3.2. Genealogical Relationships of Eastern Mediterranean Water Frogs
The Bayesian tree topology (Figure 3 and Supporting Information 3: Appendix S3) and uncorrected p distances calculated from a 441 bp fragment of exon2 (Supporting Information 2: Appendix S2) indicated the existence of 10 uqcrfs1 allelic groups in Eastern Mediterranean water frogs (Figure 4). The mean p distances between these groups ranged from 0.005 (P. cypriensis group—P. cretensis group) to 0.018 (P. cerigensis group—Southwestern Anatolia/Bedriagae/Anatolian Ridibundus groups), while the mean distance values within each group were ≤0.004.


The Anatolian group is the most widespread, being found in almost all of Anatolia and in the Thrace region, with the exception of the Çukurova plain. It consists of two subgroups (Caralitanus and cf. bedriagae), with a mean distance value of 0.004 between them. The Caralitanus subgroup includes a widespread allele, car uq allele-1, which occurs throughout Western to Central Anatolia and Thrace, and two locally distributed alleles, car uq allele-2 (in the Lake District region and in Southwestern Anatolia) and car uq allele-3 (in Southwestern Anatolia) (Figure 4).
To date, only two alleles have been identified within the cf. bedriagae subgroup. The cf.bed uq allele-1 was found throughout Western and Central Anatolia as well as in the vicinity of the Black Sea, while the cf.bed uq allele-2 was found in almost all areas of Anatolia and in Thrace. As the name suggests, the Southwest Anatolian Group is geographically restricted to Southwestern Anatolia, where it is characterized by the allele southwestern uq allele-1. Heterozygous individuals exhibiting alleles characteristic of the Anatolian and the Southwestern Anatolian groups, or different Anatolian subgroups, were found in numerous localities across their distribution ranges.
The European Ridibundus group includes four ridibundus-specific alleles (rid uq allele1–4) and one kurtmuelleri-specific allele (kur uq allele-1).
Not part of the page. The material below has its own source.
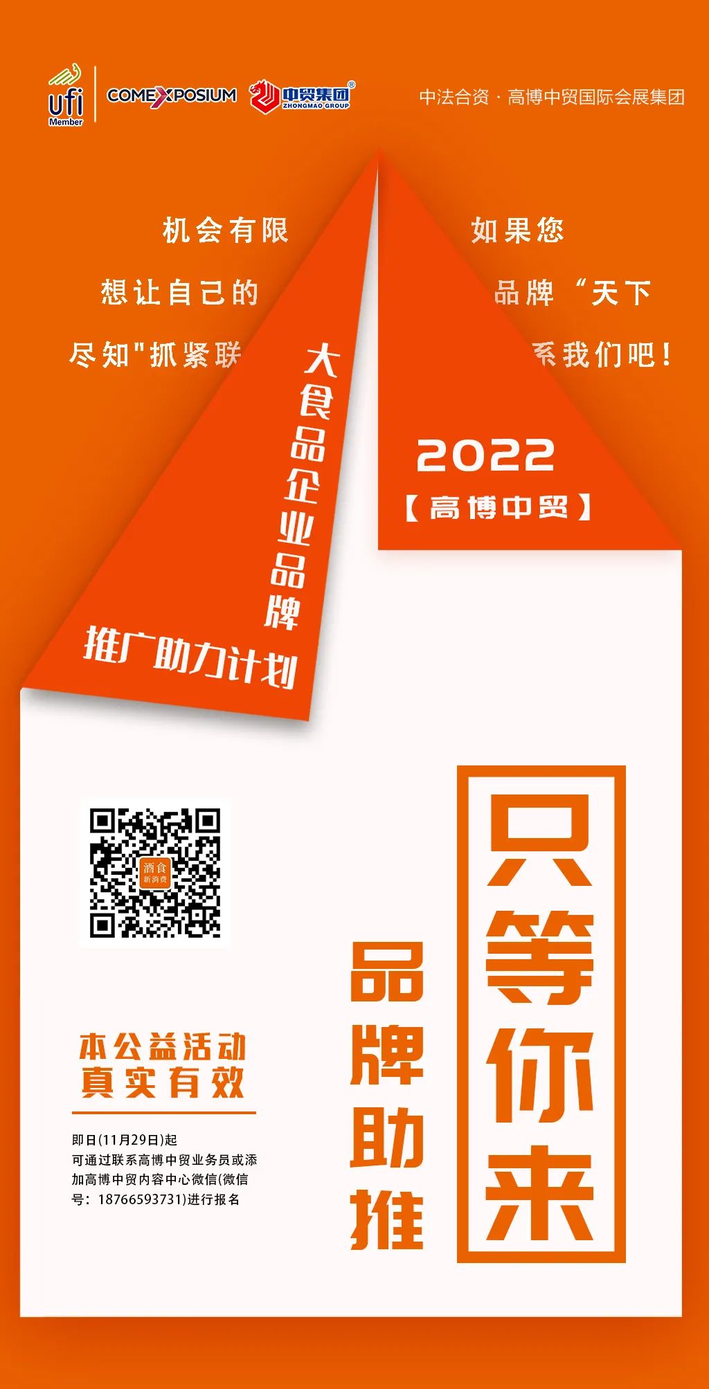 本公益活動(dòng)真實(shí)有效,即日(11月29日)起,可通過(guò)聯(lián)系高博中貿(mào)業(yè)務(wù)員或添加高博中貿(mào)內(nèi)容中心微信(微信號(hào):18766593731)進(jìn)行報(bào)名,我們將根據(jù)報(bào)名順序逐一與企業(yè)進(jìn)行聯(lián)系,著手排期進(jìn)行助力計(jì)劃。

Alleles of this group were found in Western Anatolia and Thrace, together with the Anatolian alleles rid1–3. The Central Asian Ridibundus group was found in Kazakhstan (asian rid uq allele-1). Heterozygous individuals combining alleles of the Anatolian Ridibundus group and the Anatolian subgroups have been found in both Western Anatolian and Thracian populations.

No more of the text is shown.